▸ Problem to work on: All of the data goes into your copy exactly as written. Images do not.

Entries taken from a collection:
☆ ☆ ☆ ☆ ☆

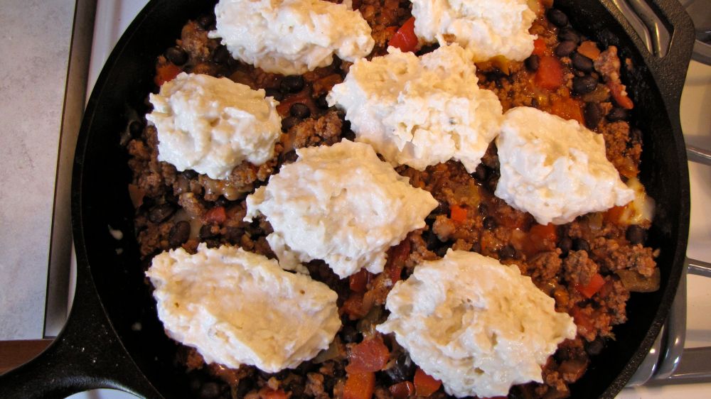 The filling was easy enough to put together. Simply brown a pound of lean ground beef, add to that a chopped red bell pepper, garlic, a can of black beans and a jar of chunky mild salsa. Heat it through, make a very simply biscuit topping, and then throw it in a hot 450 degree oven for about 25 minutes.
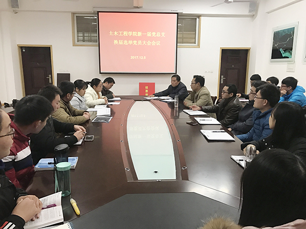 12月5日下午,土木工程学院党总支换届选举党员大会在理工楼201会议室隆重召开,党总支书记潘卫国及学院全体党员出席会议,唐辉同志主持了会议。会议通过了潘卫国同志所做的工作报告,选举产生了潘卫国、郗利选、王亮、徐超、方超等5名新一届党总支委员。潘卫国当选为书记。
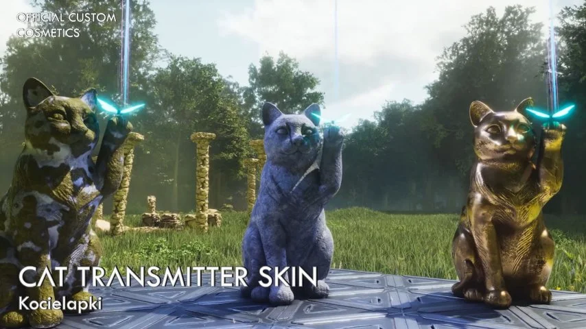 由Kocielapki打造的猫咪传送信标皮肤模组则是一份免费的视觉福利,现已登陆官方服务器。该模组提供了石头、苔藓、金色三款全新外观变体。其中,石头和金色变体可以分别对猫雕像和蝴蝶部件进行独立上色,苔藓变体则仅支持蝴蝶上色。启用模组后,信标会呈现出非常明显的发光光束,视觉辨识度极高,为玩家点亮方舟各处地标提供了既美观又个性的选择。
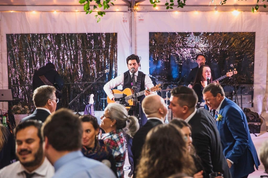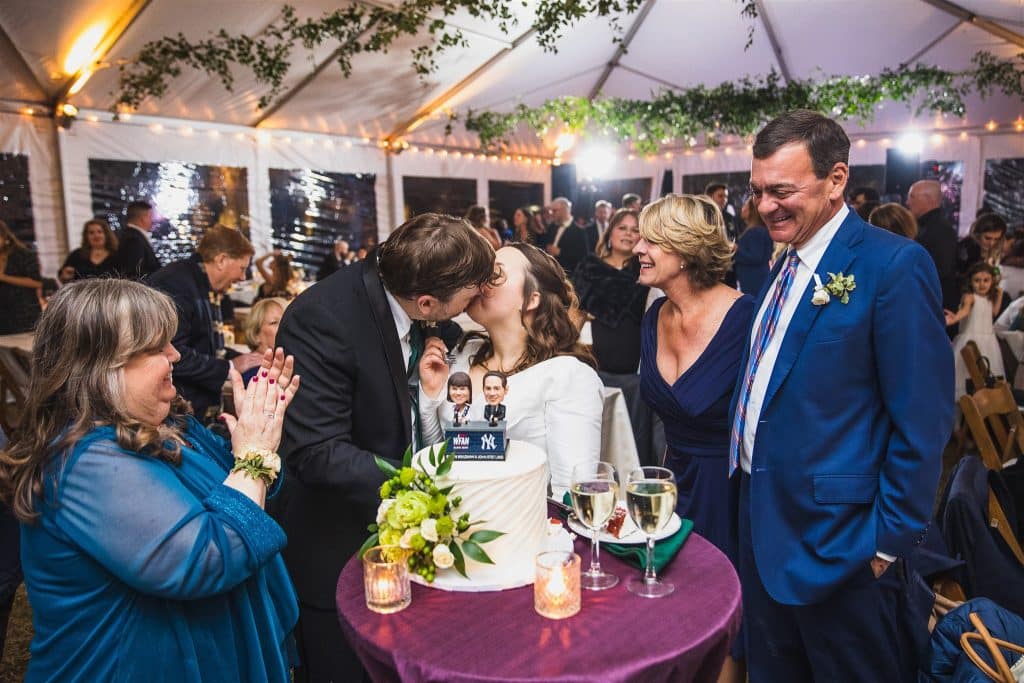 A cozy tented reception by Sugarplum Tents with live music from Sly 45 with Watershed Entertainment allowed guests to make the most of the historic grounds throughout the night. Low centerpieces on long tables lent a feeling of romance amid the glowing cafe lights. Guests were treated to Timber Pizza and local artisan gelato from Casa Rosado.
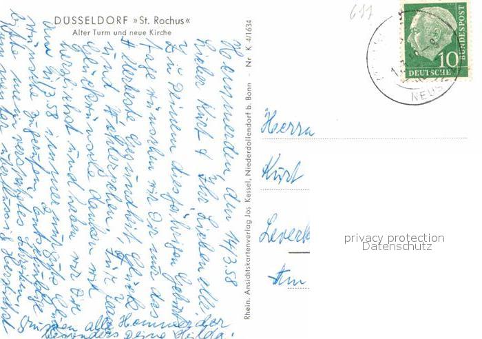 72829831 alte Postkarte DuessELDORF CITY St. Rochus Alter Turm und neue Kirche postalisch gelaufen Erhaltung siehe scans [LiesaD40] KatCode: 11110005111000
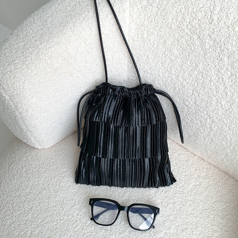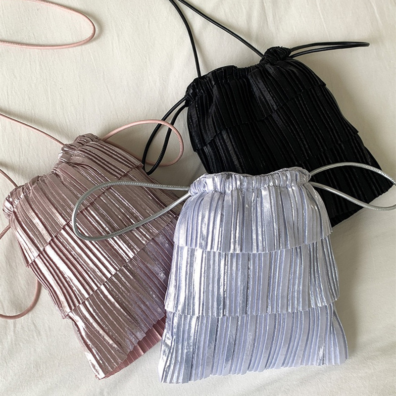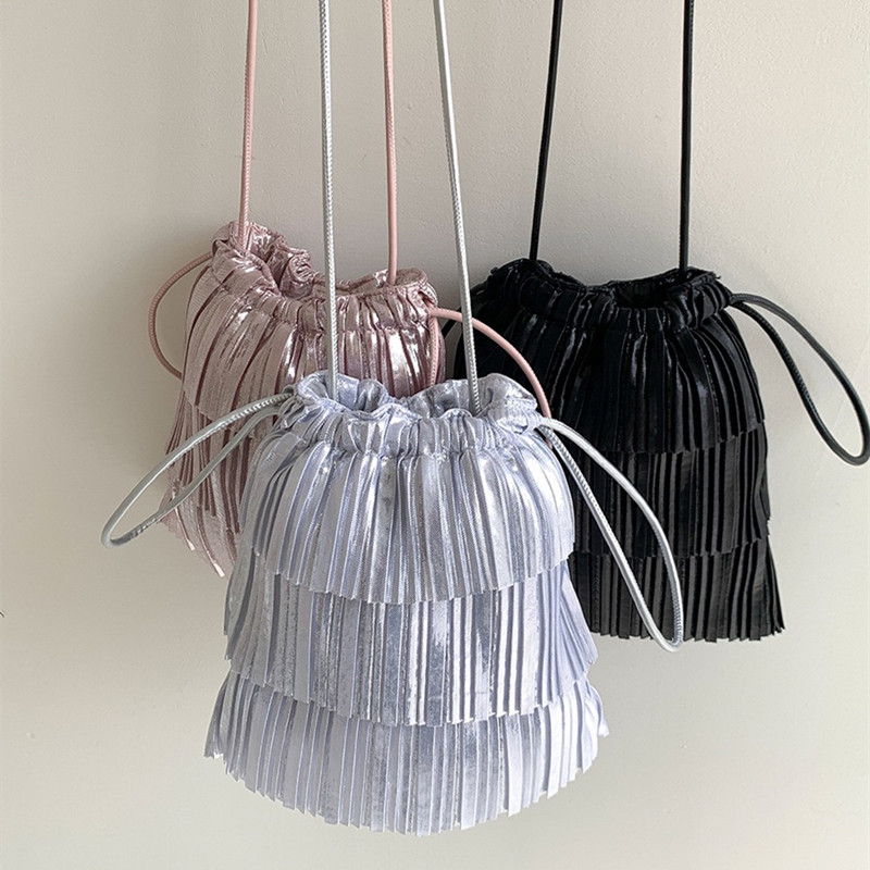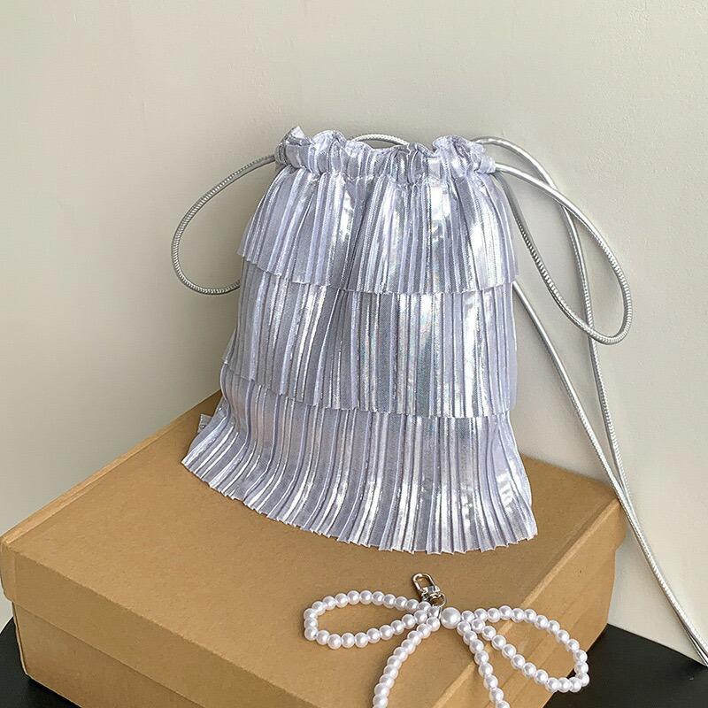 フリンジショルダーバッグ 巾着 レデイ バッグ 小物 ブランド雑貨 続々登場 ブラック シルバー ピンク
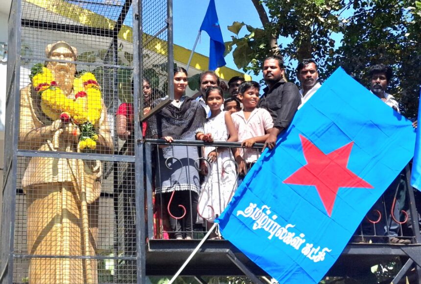 வேலூர் மாவட்டம் தந்தை பெரியாரின் 146-ம் ஆண்டு பிறந்தநாளையொட்டி அண்ணா சாலையில் உள்ள அவரது சிலைக்கு தமிழ்ப் புலிகள் கட்சியின் சார்பில் மத்திய மாவட்ட செயலாளர் பாலன், தலைமையில் 100 க்கும் மேற்பட்டோர் கலந்து கொண்டு ஊர்வலமாக வந்து மாலை அணிவித்து மரியாதை செலுத்தினர்.

☆ ☆ ☆ ☆ ☆

▸ Your solution:
 The filling was easy enough to put together. Simply brown a pound of lean ground beef, add to that a chopped red bell pepper, garlic, a can of black beans and a jar of chunky mild salsa. Heat it through, make a very simply biscuit topping, and then throw it in a hot 450 degree oven for about 25 minutes.
 12月5日下午,土木工程学院党总支换届选举党员大会在理工楼201会议室隆重召开,党总支书记潘卫国及学院全体党员出席会议,唐辉同志主持了会议。会议通过了潘卫国同志所做的工作报告,选举产生了潘卫国、郗利选、王亮、徐超、方超等5名新一届党总支委员。潘卫国当选为书记。
 由Kocielapki打造的猫咪传送信标皮肤模组则是一份免费的视觉福利,现已登陆官方服务器。该模组提供了石头、苔藓、金色三款全新外观变体。其中,石头和金色变体可以分别对猫雕像和蝴蝶部件进行独立上色,苔藓变体则仅支持蝴蝶上色。启用模组后,信标会呈现出非常明显的发光光束,视觉辨识度极高,为玩家点亮方舟各处地标提供了既美观又个性的选择。
 A cozy tented reception by Sugarplum Tents with live music from Sly 45 with Watershed Entertainment allowed guests to make the most of the historic grounds throughout the night. Low centerpieces on long tables lent a feeling of romance amid the glowing cafe lights. Guests were treated to Timber Pizza and local artisan gelato from Casa Rosado.
 72829831 alte Postkarte DuessELDORF CITY St. Rochus Alter Turm und neue Kirche postalisch gelaufen Erhaltung siehe scans [LiesaD40] KatCode: 11110005111000
 フリンジショルダーバッグ 巾着 レデイ バッグ 小物 ブランド雑貨 続々登場 ブラック シルバー ピンク
 வேலூர் மாவட்டம் தந்தை பெரியாரின் 146-ம் ஆண்டு பிறந்தநாளையொட்டி அண்ணா சாலையில் உள்ள அவரது சிலைக்கு தமிழ்ப் புலிகள் கட்சியின் சார்பில் மத்திய மாவட்ட செயலாளர் பாலன், தலைமையில் 100 க்கும் மேற்பட்டோர் கலந்து கொண்டு ஊர்வலமாக வந்து மாலை அணிவித்து மரியாதை செலுத்தினர்.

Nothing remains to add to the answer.